Popbots-mTurk-HITS

A code repository for the HIT code (i.e., HTML, CSS, JavaScript, jQuery) we use on mTurk to collect and QA stressful sentences. As well as the data pipeline for analyzing votes and outputing CSV files used for training and testing of predictive models used in the Popbots system.

The following is the typical order of the data curation, processing, and classification pipeline

1. mTurk HITS

Explanation of HITs: https://www.loom.com/share/226d565b3dc846fcbce164905991229b
Copy Collection and/or QA code into the mTurk interface and copy back/push any changes.

2. mTurk Data Processing (mturk-automation folder)

The CSV file returned from the Amazon Mechanical Turk QA is ran through a python script (mturk_revised_analysis.ipynb) that assigns the stressor labels to the sentences generated from the Mechanical Turkers. It creates a CSV('s) with analysis of the weights each stressor label had on each sentence as well as noting whether on not the sentence was a stressor and the stressor statistics (e.g. mean, standard deviation, etc of the severity of the stressor). It also creates a plot of the distribution of the amount of labels assigned to a sentence for each label. This plot can be useful for purposes of understanding the number of turker votes needed to create reliable data to use for training and testing of an algorithim.

3. Dataframe Filtering (mturk-automation folder)

This script is to be ran from the command line. The CSV file(s) that is returned from the script in the mTurk data processing step is used as input for the filtering script (filter_file.py). This script allows the user to change the size of the test set, the number of times the contents of the dataframe are shuffled, the sample sizes of the number of sentences within each label, whether to have the dataframe contain both/either stressor or non-stressor sentences as well as manipulate the confidence percentages for those votes, whether to have the dataframe contain both/either covid or non-covid related sentences as well as manipulate the confidence percentages for those votes, which labels to include, which sources to include, whether to keep sentences that were used as a seed sentence for inquire, and whether to distribute the test set through each of the sources rather than randomly over all sentences. It then returns the dataframe that was passed into it with the edits/filters you applied.

4. Scikit Classification (scikit-pipeline folder)

This script (scikit-script.py) is to be ran from the command line. The CSV file that is returned from the filtering script is to be used as input for the scikit classification script. This script is to be edited manually to change the algorithm settings for the classifier and then will run the classifier on the test and training set that is returned from the dataframe filtering script. It returns the classification model, the probabilities, and a text file of the classification report and confusion matrix.

Prerequisites

Requires Python3 and potentially non-standard libraries including pandas, numpy, statistics, and matplotlib, Ipywidgets, pyoperators, and tkintertable that can be installed using Pip or a similar installers. For running the notebook locally, install Jupyter Notebook: https://jupyter.org/install. Browse to the local directory on command line and launch Jupyter Notebook by typing "jupyter notebook"; this should automatically open a browser window/tab (or you can browse) to http://localhost:8888/tree. When opening the notebook, ensure Python3 Kernel is running. Access to Stanford Commuter Server or a server that has high computing power.

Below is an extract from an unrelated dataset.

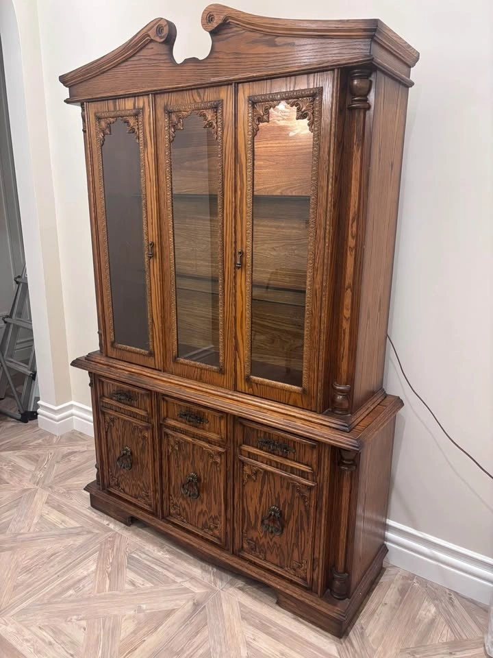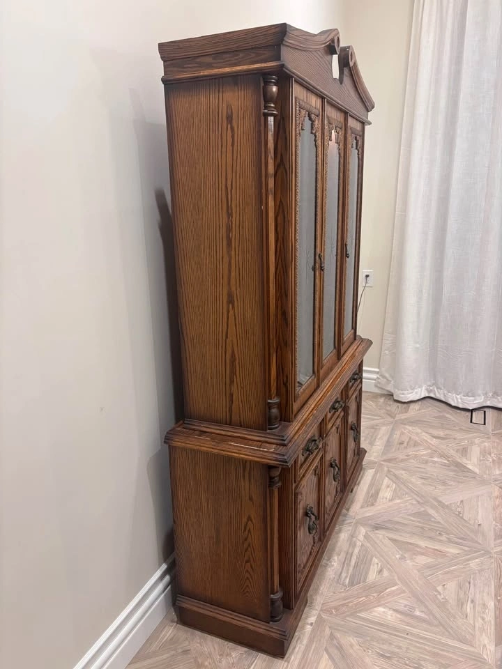 We’re selling our vintage solid wood buffet & hutch. It’s in good condition and excellent for those who are looking for a solidly built quality unit. We recently moved and it can’t fit in our new place which is why we’re selling it. You will not find this quality nowadays without paying $$$.

Inquire_Scraping (inquire-scraping folder)

The inquire scraper is to be run from the command line. You will need to have a stanford commuter server accouhnt and havce cisco AnyConnect Secure Mobility Client downloaded. Begin by VPN in through su-vpn.stanford.edu via cisco application. Then open up your terminal and ssh into {your sunet ID}@commuter.stanford.edu. Once connected to commuter change directories into commuter (e.g. cd /commuter). Activate the inquire_venv by running source inquire_venv/bin/activate. change directories into inquire backend and then type 'python run_server.py'. With that running in the background open another instance of your terminal and navigate locally to (/commuter/PopBots/NLP) ~/Popbots-mTurk-HITS/inquire-scrapping. Then run python3 scrapper.py. Before running scrapper.py you need to edit the script the 'SCRAPED_CATEGORIES' variable to reflect the labels you want to scrape more sentences for. Upon running this script, two folders will be created in the inquire-scrapping folder on your computer. One is 'inquired_scraped_data' and the other 'final_data'. All you care about is the final_data folder. In that folder and in the csv sub-folder you will have a csv for each label you scraped for that contains the sentence used to scrape the inquire sentence, the inquire sentence itself, and the cosine similarity of the two sentences. In the 'get_stressors' function you can change the model used for the 'params' variable. It should be set to 'bert' as the model to start, but you can change it to w2v as well.

BERT Pipeline (bert-pipeline folder)

The multilabel.py and single-label.py scripts take in the csv file that is returned from the dataframe filtering script (filter_file.py). The multilabel.py and singlelabel.py scripts return a classification report text file that consists of a list of lists and a text file containing evalutation information which should be a list of two dictionaries. The text files are to be used for further analysis of the performance of the classification of sentences using BERT. Singlelabel.py classifies the sentences by using the label that had the most votes from the turkers to train the algorithm while multilabel takes in the weights of the votes across all the different label choices that the turkers voted on per sentence to train the algorithm. To run the scripts you need to VPN through su-vpn.stanford.edu via cisco and then open a terminal and ssh into {sunet}@commuter.stanford.edu. Once in commuter cd into /commuter/PopBots/NLP/Popbots-mTurk-HITS/bert-pipeline, run source /commuter/thierrylincoln/Tf1.1_py36/bin/activate, and run export LD_LIBRARY_PATH='/usr/local/cuda-10.0/lib64'. After completing those commands, you can edit the EXPERIMENT_NAME to the name of the folder you want the files to go to, DATASET_NAME to the name of the csv file you named the dataframe that came out of the dataframe filtering script, TODAY_DATE to the date you are running the experiments, and boostrap_nb to 20. Changing these variables each time you run an experiment will ensure that your files are being saved and stored properly and not getting overwritten. The script has a 1.5 - 2 hour run time.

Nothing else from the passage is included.